Yvonne Balding ( Barr; 11 March 1932 – 13 February 2016) was an Irish-born virologist who co-discovered the Epstein–Barr virus in 1964.

Education and career
Barr was born in Ireland and graduated with honours in zoology from Trinity College, Dublin. Following her graduation Barr held several posts at veterinary and medical research laboratories in the UK and Canada. In 1963 Barr was the first of two research assistants employed by the English pathologist and virologist Michael Anthony Epstein, who had received a research grant from the National Institutes of Health (NIH).

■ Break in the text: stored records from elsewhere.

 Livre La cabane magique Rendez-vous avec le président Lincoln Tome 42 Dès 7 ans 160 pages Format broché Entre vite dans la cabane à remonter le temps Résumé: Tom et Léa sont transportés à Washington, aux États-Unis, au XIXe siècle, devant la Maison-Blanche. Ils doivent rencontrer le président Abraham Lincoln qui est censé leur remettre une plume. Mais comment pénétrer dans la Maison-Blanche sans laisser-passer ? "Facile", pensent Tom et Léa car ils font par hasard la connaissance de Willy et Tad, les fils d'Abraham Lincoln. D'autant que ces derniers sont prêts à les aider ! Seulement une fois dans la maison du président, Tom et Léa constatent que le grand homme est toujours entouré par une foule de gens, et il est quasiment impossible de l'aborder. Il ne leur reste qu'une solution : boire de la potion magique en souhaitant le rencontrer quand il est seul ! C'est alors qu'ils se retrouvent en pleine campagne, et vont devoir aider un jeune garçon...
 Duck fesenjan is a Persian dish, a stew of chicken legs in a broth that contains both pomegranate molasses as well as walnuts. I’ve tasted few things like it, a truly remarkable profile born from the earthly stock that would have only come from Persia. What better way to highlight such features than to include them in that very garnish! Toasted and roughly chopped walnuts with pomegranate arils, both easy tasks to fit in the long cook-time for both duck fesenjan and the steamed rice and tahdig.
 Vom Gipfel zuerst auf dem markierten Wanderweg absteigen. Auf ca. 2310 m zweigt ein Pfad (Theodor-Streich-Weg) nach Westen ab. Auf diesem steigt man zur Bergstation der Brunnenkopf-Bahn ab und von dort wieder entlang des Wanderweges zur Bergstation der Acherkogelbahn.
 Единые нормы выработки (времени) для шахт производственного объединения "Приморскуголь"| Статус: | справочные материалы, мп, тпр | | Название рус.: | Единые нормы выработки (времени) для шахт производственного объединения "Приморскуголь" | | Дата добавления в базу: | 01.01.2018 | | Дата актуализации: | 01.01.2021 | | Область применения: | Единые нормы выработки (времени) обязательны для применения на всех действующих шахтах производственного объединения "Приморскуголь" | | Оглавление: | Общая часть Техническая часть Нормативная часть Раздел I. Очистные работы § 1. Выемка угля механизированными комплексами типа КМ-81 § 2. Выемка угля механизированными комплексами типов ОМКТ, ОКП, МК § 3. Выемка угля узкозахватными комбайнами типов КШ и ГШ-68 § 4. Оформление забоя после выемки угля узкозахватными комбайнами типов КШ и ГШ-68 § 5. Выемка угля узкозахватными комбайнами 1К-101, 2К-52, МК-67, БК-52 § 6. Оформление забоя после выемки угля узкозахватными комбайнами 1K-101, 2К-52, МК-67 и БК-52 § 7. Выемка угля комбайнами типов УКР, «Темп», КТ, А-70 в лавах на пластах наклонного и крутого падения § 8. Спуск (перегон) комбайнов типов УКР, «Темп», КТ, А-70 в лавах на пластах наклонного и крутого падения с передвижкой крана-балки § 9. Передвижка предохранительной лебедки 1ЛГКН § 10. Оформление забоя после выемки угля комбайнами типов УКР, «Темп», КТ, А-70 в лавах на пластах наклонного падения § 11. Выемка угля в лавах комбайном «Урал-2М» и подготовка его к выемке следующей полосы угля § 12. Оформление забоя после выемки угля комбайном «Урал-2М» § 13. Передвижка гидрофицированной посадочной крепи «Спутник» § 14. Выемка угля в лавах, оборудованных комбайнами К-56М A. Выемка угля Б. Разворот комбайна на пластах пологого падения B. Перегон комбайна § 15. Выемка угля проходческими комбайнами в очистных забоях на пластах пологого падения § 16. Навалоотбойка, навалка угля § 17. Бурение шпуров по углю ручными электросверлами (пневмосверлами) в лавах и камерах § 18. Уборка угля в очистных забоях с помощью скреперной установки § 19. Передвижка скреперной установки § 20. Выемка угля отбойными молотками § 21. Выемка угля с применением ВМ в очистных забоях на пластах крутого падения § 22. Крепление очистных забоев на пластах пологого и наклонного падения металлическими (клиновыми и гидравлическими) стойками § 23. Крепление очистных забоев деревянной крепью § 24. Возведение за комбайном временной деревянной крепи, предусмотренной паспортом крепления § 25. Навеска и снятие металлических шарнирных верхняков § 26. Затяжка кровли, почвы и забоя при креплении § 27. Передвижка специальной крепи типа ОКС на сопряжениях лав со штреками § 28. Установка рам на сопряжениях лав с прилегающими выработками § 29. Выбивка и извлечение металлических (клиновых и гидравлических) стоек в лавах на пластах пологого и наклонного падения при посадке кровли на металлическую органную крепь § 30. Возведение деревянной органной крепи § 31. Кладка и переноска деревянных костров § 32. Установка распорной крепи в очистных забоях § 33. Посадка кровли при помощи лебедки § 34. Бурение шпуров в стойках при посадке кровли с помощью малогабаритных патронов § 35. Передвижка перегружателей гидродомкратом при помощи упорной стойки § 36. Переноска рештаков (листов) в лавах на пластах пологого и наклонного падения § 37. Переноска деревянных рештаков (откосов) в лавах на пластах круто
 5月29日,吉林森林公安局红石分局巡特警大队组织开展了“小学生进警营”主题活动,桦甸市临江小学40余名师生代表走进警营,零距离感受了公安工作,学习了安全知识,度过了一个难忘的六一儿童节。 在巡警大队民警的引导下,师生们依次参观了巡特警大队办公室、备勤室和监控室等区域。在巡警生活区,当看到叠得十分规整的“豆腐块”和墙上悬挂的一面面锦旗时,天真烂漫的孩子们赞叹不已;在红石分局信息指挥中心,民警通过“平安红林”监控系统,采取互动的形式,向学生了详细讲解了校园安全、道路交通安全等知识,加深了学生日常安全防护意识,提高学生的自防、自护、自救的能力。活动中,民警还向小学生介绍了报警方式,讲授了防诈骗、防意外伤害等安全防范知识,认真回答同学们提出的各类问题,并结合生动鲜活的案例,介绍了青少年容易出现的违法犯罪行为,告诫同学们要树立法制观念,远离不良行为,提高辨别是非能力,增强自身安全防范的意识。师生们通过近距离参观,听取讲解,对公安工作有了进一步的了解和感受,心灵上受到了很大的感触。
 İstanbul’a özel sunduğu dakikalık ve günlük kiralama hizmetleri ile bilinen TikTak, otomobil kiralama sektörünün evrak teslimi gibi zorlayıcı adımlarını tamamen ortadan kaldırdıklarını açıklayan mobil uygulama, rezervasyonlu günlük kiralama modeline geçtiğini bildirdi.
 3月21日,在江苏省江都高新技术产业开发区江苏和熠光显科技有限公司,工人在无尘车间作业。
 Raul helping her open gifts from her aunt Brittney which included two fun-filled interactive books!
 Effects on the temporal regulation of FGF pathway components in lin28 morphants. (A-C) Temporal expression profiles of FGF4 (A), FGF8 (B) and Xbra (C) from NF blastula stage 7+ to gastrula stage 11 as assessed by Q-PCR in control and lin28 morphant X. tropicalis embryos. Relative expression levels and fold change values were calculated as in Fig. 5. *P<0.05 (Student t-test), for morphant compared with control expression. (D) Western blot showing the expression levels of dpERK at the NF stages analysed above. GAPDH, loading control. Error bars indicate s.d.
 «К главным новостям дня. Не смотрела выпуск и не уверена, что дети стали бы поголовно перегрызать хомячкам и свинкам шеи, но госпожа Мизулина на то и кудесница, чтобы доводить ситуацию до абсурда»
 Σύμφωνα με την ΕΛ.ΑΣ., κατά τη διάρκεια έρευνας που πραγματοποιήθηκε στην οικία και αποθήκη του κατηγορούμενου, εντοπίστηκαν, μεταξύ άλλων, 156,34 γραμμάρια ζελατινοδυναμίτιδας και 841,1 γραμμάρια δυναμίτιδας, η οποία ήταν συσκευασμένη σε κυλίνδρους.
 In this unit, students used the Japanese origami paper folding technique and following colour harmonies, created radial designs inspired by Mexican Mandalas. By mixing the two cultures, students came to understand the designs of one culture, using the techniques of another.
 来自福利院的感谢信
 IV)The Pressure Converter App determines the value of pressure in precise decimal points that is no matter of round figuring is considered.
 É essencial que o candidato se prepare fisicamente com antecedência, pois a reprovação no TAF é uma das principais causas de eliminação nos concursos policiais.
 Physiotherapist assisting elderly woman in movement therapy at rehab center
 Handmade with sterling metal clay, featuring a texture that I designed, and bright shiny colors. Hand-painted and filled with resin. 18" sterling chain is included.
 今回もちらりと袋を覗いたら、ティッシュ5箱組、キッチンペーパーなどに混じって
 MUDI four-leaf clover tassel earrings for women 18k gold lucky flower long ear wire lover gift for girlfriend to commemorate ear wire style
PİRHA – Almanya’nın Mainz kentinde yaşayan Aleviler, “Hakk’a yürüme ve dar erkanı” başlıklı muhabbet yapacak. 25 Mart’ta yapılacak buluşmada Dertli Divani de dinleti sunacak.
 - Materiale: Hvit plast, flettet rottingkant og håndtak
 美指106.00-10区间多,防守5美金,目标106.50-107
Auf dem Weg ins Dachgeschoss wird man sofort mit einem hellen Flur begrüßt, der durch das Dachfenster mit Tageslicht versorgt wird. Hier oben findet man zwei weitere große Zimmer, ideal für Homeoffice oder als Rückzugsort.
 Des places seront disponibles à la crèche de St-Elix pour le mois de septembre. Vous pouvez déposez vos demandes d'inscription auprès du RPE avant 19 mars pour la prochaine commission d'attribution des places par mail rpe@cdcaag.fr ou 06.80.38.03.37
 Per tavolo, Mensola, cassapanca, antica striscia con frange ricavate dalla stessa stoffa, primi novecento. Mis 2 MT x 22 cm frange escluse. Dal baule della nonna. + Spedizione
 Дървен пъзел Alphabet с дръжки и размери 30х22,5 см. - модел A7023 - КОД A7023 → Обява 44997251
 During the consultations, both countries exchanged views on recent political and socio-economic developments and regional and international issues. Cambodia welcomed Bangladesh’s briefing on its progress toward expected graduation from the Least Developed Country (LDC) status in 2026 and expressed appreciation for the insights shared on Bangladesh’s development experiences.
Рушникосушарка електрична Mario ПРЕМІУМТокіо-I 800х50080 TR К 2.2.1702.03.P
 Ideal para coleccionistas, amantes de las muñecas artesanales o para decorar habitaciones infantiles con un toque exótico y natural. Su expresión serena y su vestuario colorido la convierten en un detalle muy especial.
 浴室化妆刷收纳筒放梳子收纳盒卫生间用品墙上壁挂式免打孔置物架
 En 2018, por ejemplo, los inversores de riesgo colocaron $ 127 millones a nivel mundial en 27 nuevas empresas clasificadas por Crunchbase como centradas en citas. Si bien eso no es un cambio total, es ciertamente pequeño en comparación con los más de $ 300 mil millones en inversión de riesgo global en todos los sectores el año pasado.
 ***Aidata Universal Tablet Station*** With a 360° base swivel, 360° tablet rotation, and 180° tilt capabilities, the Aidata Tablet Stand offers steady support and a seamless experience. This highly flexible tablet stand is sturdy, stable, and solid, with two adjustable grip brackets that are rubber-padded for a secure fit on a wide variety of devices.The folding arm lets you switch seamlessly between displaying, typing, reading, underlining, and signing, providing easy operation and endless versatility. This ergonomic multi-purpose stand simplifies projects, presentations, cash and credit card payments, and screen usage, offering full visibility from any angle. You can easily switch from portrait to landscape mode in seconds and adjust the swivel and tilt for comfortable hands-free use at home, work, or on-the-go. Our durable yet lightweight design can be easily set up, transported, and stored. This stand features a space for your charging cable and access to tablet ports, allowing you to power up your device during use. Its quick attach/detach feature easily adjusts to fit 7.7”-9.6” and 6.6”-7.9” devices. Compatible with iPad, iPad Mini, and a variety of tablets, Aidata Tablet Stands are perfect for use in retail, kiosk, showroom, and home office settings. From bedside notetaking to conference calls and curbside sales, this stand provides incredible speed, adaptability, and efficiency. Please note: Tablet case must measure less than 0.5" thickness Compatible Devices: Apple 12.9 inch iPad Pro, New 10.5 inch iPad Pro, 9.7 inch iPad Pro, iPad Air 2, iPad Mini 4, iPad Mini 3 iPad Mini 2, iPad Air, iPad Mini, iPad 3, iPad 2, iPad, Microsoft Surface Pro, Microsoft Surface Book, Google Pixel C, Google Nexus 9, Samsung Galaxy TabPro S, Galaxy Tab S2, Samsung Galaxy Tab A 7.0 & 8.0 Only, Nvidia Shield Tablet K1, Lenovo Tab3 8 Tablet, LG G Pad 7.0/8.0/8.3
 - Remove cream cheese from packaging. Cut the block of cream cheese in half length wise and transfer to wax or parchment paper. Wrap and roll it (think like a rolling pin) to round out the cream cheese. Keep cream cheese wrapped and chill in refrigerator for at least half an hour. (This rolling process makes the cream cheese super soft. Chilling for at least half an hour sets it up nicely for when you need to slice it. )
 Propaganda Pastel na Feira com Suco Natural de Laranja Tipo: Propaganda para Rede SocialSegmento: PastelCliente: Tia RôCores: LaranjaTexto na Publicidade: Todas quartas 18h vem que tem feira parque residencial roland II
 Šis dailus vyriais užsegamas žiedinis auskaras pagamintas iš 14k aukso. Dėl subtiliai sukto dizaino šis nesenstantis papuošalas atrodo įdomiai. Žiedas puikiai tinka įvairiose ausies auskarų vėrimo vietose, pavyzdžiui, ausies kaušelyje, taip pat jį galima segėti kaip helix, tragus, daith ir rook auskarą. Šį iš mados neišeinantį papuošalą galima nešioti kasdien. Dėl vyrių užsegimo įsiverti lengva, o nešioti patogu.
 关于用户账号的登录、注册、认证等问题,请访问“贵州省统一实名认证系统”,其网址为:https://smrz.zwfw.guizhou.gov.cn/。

Barr, along with her research supervisor Epstein, discovered the Epstein–Barr virus (EBV) during her PhD studies in 1964 at Middlesex Hospital. Prior to determining specifics about EBV, Epstein, Barr, and Bert Achong published their preliminary research in The Lancet. Barr was instrumental in the discovery of the Epstein-Barr virus, also called human herpesvirus 4, by preparing the samples used for experimentation.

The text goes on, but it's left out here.